To form a planar tiling with a vertex pattern $(n_1,n_2,\dots ,n_k)$ and with no gaps or overlaps between these polygons at the vertex, we must have the interior angle sum

$$S=\sum _{i=1}^k(\pi -2\pi /n_i)$$

(5)

add up to exactly $2\pi$. For a given a pattern $(n_1,n_2,\dots ,n_k)$ satisfying this equation, simple plane geometry and trigonometry can be used to construct the tiling geometry.

Spherical. If the sum $S<2\pi$ and the specified regular polygons are placed in a plane next to each other around a vertex B, there will be a gap between the last polygon and the first. We can rotate the planes of the respective polygons in 3D around their shared edges to create dihedral angles between them and close this gap. These dihedral angles are calculated in Equation (12) below. If there are only three polygons in the pattern, then the triangle formed by the other ends $W_i$ of the edges meeting at B has a unique rigid shape, so there is only one choice of these dihedral angles. If there are four or more polygons, however, the configuration is flexible and there are multiple choices. With the correct choice, the k + 1 points $B,W_1,W_2,\dots ,$ and $W_k$ all lie on a single sphere, which is the circumscribed sphere of the uniform polyhedron we are trying to construct. Radial projection of this polyhedron onto the unit sphere then provides a spherical tiling. The internal angles of the spherical polygons are measured in the tangent plane at B, and add up to 2$\pi$. They are larger than the internal angles of the polyhedron’s faces at B, as the face planes are tilted away on one side of this tangent plane.

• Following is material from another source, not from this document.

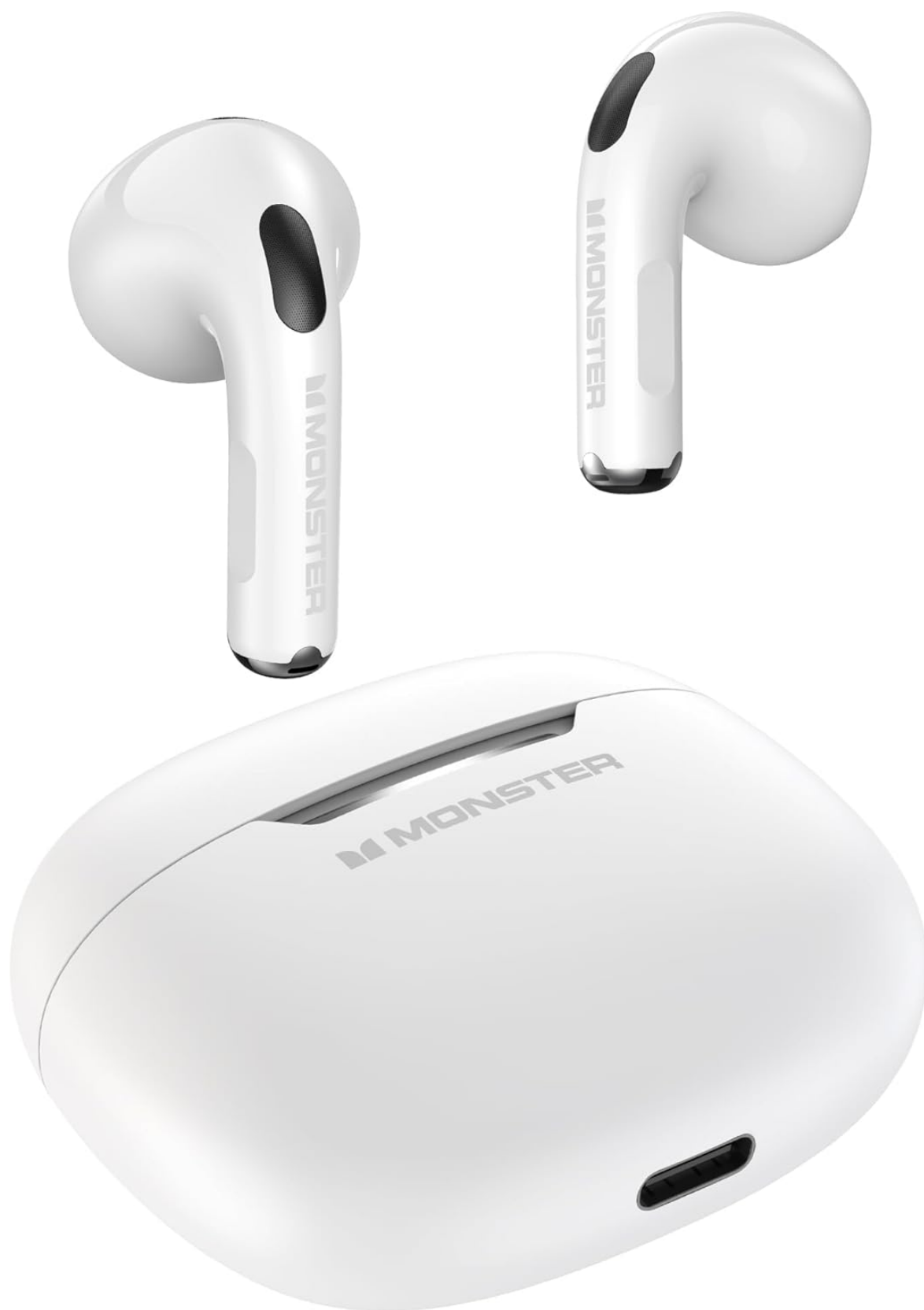
Image: The Monster N-Lite 208 Wireless Earbuds and their charging case.

Suppose that we have a vertex pattern $(n_1,n_2,\dots ,n_k)$ at vertex B, meaning that the sum S in Equation (5) is less than $2\pi$, and that we want to construct the corresponding spherical tiling to find the correct dihedral angles between the face planes of the corresponding inscribed polyhedron. For this, we can use spherical trigonometry. Figure 2 shows a closeup of the central regular spherical decagon in the tiling of the unit sphere at the left of Figure 1. The user-specified vertex pattern is $(n_1,n_2,n_3)$ = (10, 6, 4); thus, the decagon, hexagon, and square appear in counterclockwise order around the initial vertex B. Let A be the point on the unit sphere at the center of the decagon and let C be the midpoint of the great circle arc $B{W}_2$. In Figure 2, the lines $AB$ and $AC$ are great circle arcs as well; however, they appear straight because the view is from directly above A. Based on the mirror symmetry of the decagon across the plane of the great circle arc $AC$, the angle $ACB$ is a right angle; thus, the triangle ABC is a right spherical triangle. By convention, A, B, and C refer to the angles of the spherical triangle as measured in the tangent planes of the respective vertices, while a, b, and c denote the arclengths of the sides opposite them, that is, sides $BC$, $AC$, and $AB$, respectively. Again, based on the symmetry of the spherical decagon, angle A is $2\pi /20=\pi /10$, or in the general case, $\pi /n_i$. Letting x = cos(a), if we know x, then we can determine $2a$, the side arclength of each of the regular spherical polygons.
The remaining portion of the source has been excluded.